Effective Curriculum and Instructional Models for Talented Students 3

 

4 Curriculum for Gifted and Talented Students

The more typical approach to content-based instruction, however, is one

that presets the mastery level of expectation for students, frequently requiring

more advanced skills and concepts to be mastered one year earlier. The content

model employs existing school curriculum and textbooks, so it is not costly to

implement. And it attempts to respond to the rate needs of individual students,

allowing the very able to move more quickly through the traditional curriculum.

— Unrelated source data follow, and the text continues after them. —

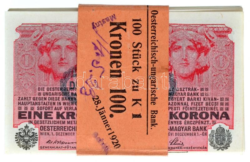 1916. 1K (96x) zöld "DEUTSCHÖSTERREICH" felülbélyegzéssel, sorszámkövetők "358901-358999", három hiányzó darab: "358924, 358976, 358995", eredeti "Osztrák-magyar bank" kötegelőben T:I,I- / Hungary 1916. 1 Krone (96x) with green "DEUTSCHÖSTERREICH" overprint, sequential serials "358901-358999", three pieces missing: "358924, 358976, 358995", with original "Österreichisch-ungarsche Bank" wrapper C:UNC,AU Adamo K3B
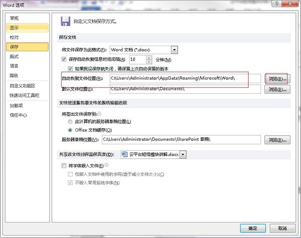 2010一般都是自动保存的,选择“文件”——“选项”,打开上图窗口,点浏览按钮。
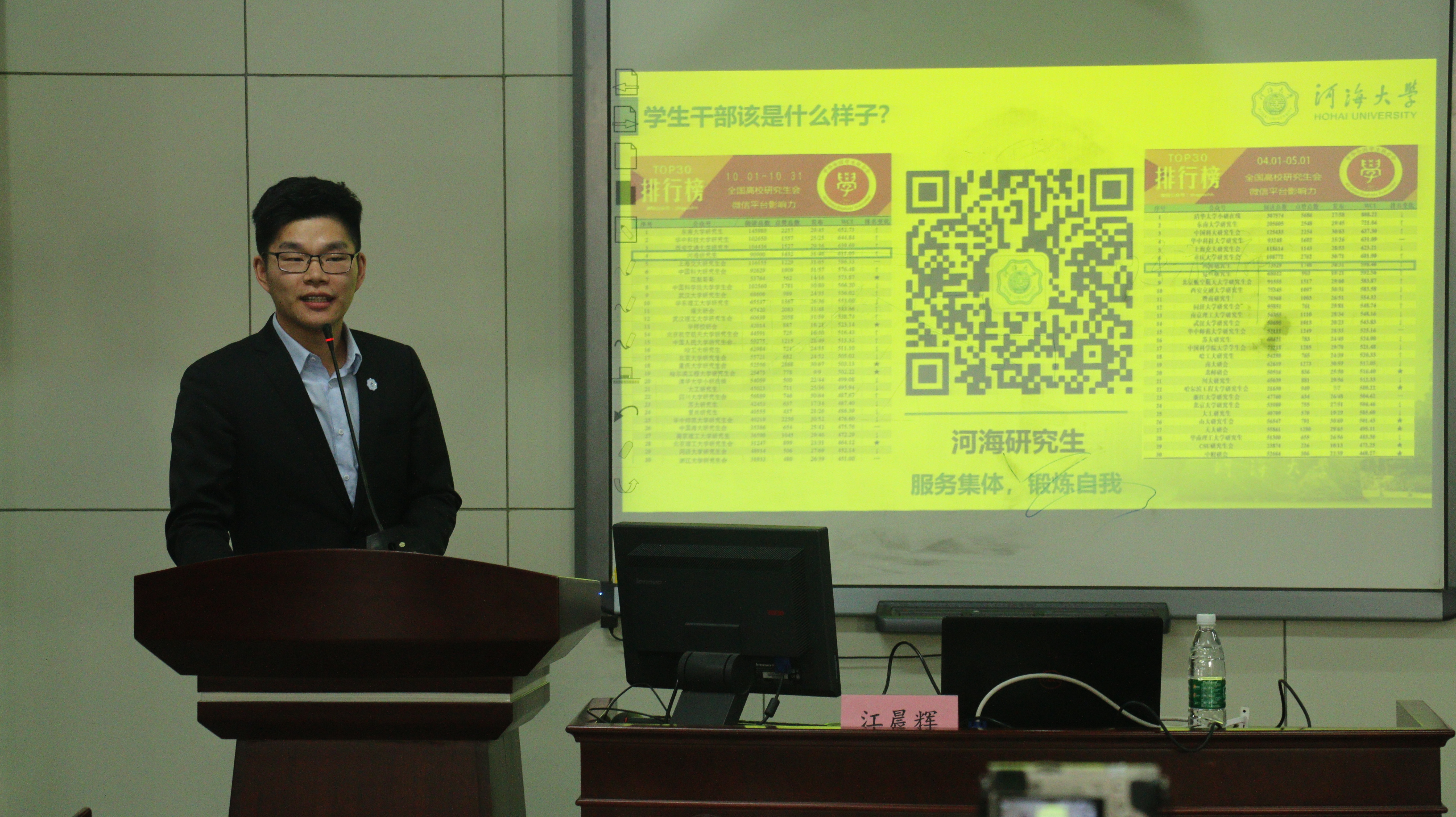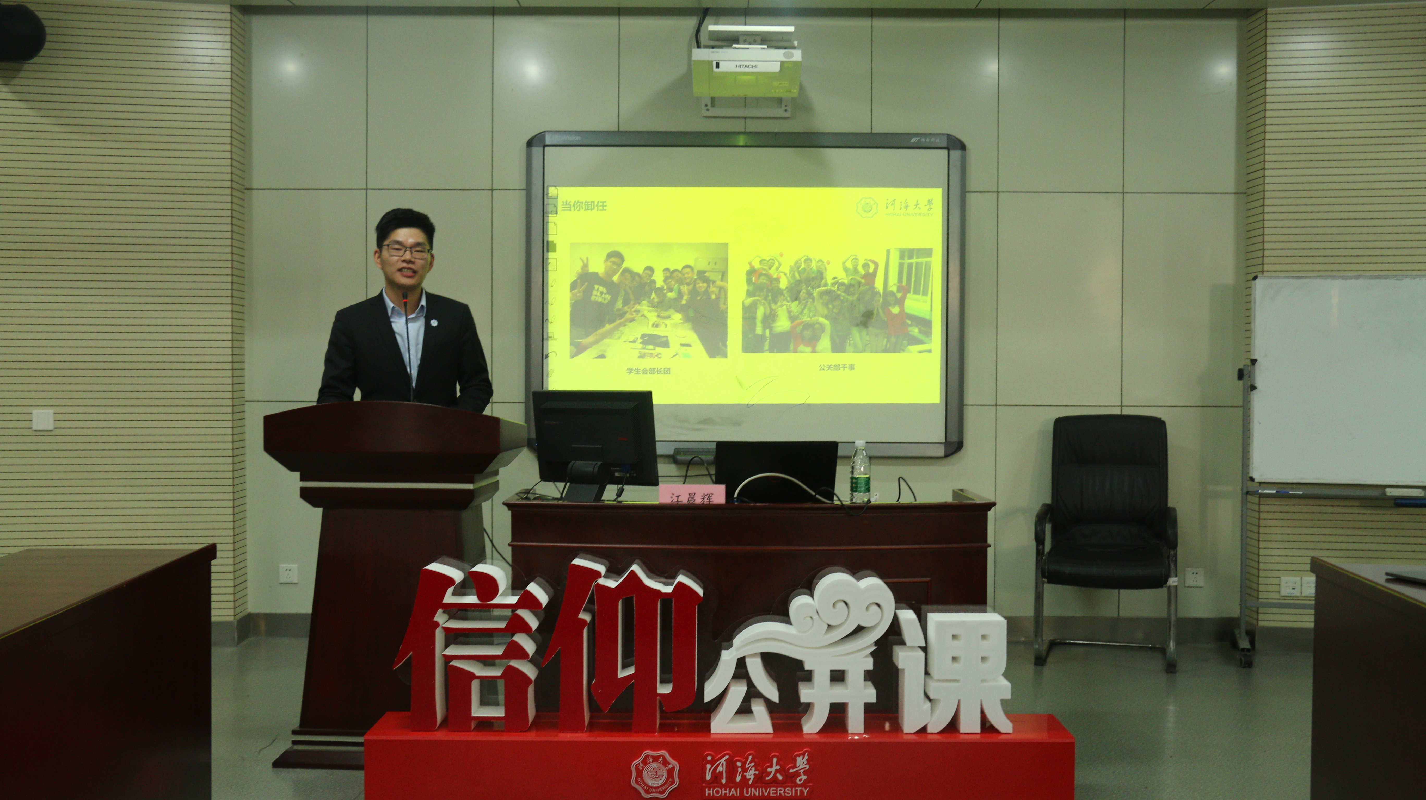 11月26日下午三点,直播平台 梦想公开课之学生骨干的养成与信仰在江宁校区博学楼A411举行。本次讲座邀请到了学校研究生会主席江晨辉同学,他以“因为热爱,所以坚持”为主题,向17级和18级同学们分享了他作为学生骨干,对于信仰和梦想的坚守与践行。
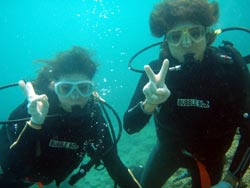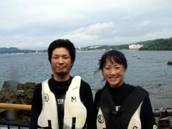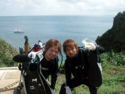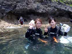 はいは〜い!!どっも、りょーけんでっす!!11時からは洞窟への体験ダイビング!!さてさて、今回のゲストは・・・ダイビング2回目でワクワクのみどちゃん!ダイビング初挑戦でドキドキのえっぴ〜!この二人を洞窟へごあんな〜い!!最初の水面でえっぴ〜が呼吸でドキドキしていたようですが、海の中に入るとバッチリリラックスして泳いでましたね。みどちゃんは余裕の表情でスイスイ泳いでました〜。洞窟に入る手前で水面を見ると細長いダツの群れが二人を歓迎!!洞窟の中では大きなツバメウオの群れが二人をお出迎え!!中に入って振り返ってみると広がるのは入り口の青!!すごくキレイでしたね〜。帰り道でクマノミを見たり、イソギンチャクに触ったり、魚にエサをあげたりと色々やりましたね。また沖縄にこれたら次はライセンス講習で会いましょう!!新しい趣味ができるといいですね(笑) |
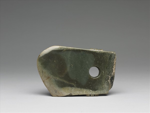 由器上的色澤變化觀察,這件玉器是用一柱狀玉料,剖切一厚片所磨製的。所以,自器的中央向邊緣處,顏色一層一層不同。最內為深灰藍,圍一圈草綠色,最外為淺灰褐色。經此分析觀察可知,此玉戚的刃部呈不規則狀,應是先民不願切去玉料之故。柄端有一大圓穿,兩側邊各有一組三出的齒稜。此戚與數件山東龍山文化風格的玉器,出土於山東境內。
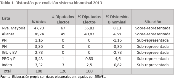 En la Tabla 1 se muestran los resultados reales del año 2013 ocupando el sistema binominal. Es observable que las dos únicas listas sobre-representadas son las de la Nueva Mayoría y la Alianza. Al sumar ambos índices de Distorsión (8.13 y 4.59) obtenemos que el duopolio tiene una sobre-representación de 12.72%. En cuanto a la Inclusividad se observa que fueron electos 4 diputados por fuera del duopolio.
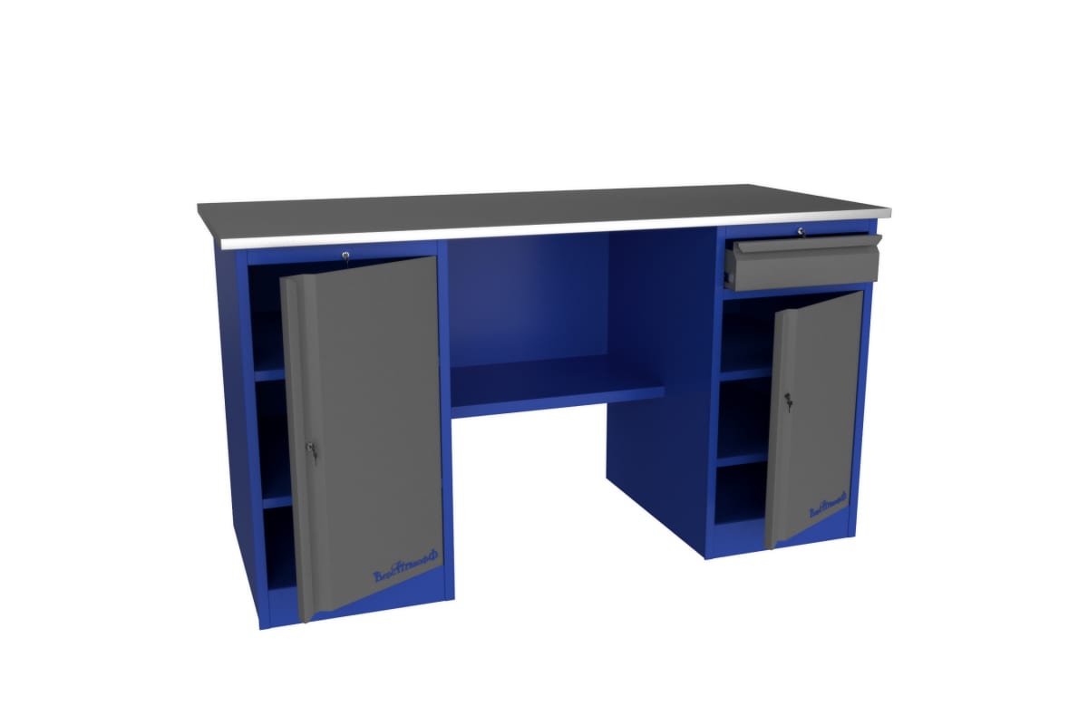 Верстак Верстакофф PROFFI 218 Т Т1 101282 разработан для проведения разнообразных столярных работ. Преимуществом изделия является наличие прочной столешницы, толщина которой составляет 24 мм. Рабочая поверхность покрыта миллиметровым листом металла. Наличие двух тумб упрощает систематизацию инструмента. Пространство внутри тумбы разделено полками на несколько частей, что также удобно для складирования электроинструмента больших размеров. Нижняя полка позволяет размещать инструмент непосредственно в течение рабочего дня, освобождая рабочую зону.

In successful implementations of the model, teachers have made important

alterations in the organization of the subject matter being taught. For example,

in the fast-paced Latin program, the concepts spread out incrementally over

the first three chapters of the book are synthesized into a matrix study sheet,

presenting students all five Latin cases, three genders, and two numbers in their

various combinations all at once. Homework is assigned only from the third unit

where all the interactions of gender, number and case may be practiced. Thus

30 hours of instructional time may be reduced to four or five at the most. And

gifted students have mastered the important concepts governing beginning

Latin syntax in economical fashion.

Thus what appears as a simple process of moving more quickly through

the same basic material takes on a level of sophistication in actual practice.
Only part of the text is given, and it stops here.